El referente legal, moral y ético en el quehacer de un gobernante debe ser, en todo momento, velar por los intereses de la ciudadanía, sin distingos de colores o signos partidistas.
Una autoridad adquiere legitimidad frente a la sociedad cuando logra despojarse de sus vestiduras de campaña y se dedica en cuerpo y alma a aquello por lo que fue electo en las urnas, a administrar los recursos públicos de una manera honesta y eficiente y a luchar por lograr mayores niveles de bienestar, desarrollo y progreso para la comunidad a la cual sirve.
Simple, lo dice la Ley, se gobierna para todos y no sólo para los amigos o compañeros de partido.
Cuando una autoridad municipal decide marcar esa sana distancia que siempre debe existir entre el poder público y la afiliación partidista, no hace algo distinto a lo que está obligado legal, moral y éticamente. Hace lo que debe hacer.
Por el contrario, cuando esa autoridad se siente agredida por los señalamientos de los medios de comunicación que advierten posibles desvíos de recursos públicos en apoyo a tal o cual candidato y por ello decide imponer la Ley, para evitar críticas, entonces debería ser llamada a cuentas, por la ciudadanía y por su conciencia.
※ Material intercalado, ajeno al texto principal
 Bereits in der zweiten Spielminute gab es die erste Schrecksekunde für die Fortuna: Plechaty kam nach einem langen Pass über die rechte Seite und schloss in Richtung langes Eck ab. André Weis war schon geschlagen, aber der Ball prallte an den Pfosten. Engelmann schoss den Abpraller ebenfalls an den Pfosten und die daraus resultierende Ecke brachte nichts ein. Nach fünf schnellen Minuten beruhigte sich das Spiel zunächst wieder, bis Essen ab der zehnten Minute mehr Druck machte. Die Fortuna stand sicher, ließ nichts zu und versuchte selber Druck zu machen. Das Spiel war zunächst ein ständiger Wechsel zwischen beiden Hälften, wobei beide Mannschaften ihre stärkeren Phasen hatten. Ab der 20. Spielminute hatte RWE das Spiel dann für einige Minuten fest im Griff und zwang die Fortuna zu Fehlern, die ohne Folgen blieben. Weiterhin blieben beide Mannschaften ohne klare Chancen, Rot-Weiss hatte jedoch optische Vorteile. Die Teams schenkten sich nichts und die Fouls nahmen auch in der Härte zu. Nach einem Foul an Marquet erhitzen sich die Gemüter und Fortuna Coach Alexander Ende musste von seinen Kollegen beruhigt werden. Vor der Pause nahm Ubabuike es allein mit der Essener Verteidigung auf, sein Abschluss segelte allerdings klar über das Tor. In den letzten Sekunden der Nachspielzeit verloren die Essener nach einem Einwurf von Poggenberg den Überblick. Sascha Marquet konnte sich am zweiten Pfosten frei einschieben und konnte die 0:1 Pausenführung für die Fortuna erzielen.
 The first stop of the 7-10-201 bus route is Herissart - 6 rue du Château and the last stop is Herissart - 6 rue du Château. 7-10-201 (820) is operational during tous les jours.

Un alcalde –a manera de ejemplo- no es más que un servidor público, obligado por el marco legal vigente, a justificar todas y cada una de sus decisiones de cara al pueblo que decidió otorgarle en las urnas, la máxima responsabilidad de dirigir los destinos del Municipio.
Salirse aunque sea un ápice de este sendero es fallarle a la ciudadanía, la que merece mayor respeto que los compromisos personales, cualquiera que éstos sean.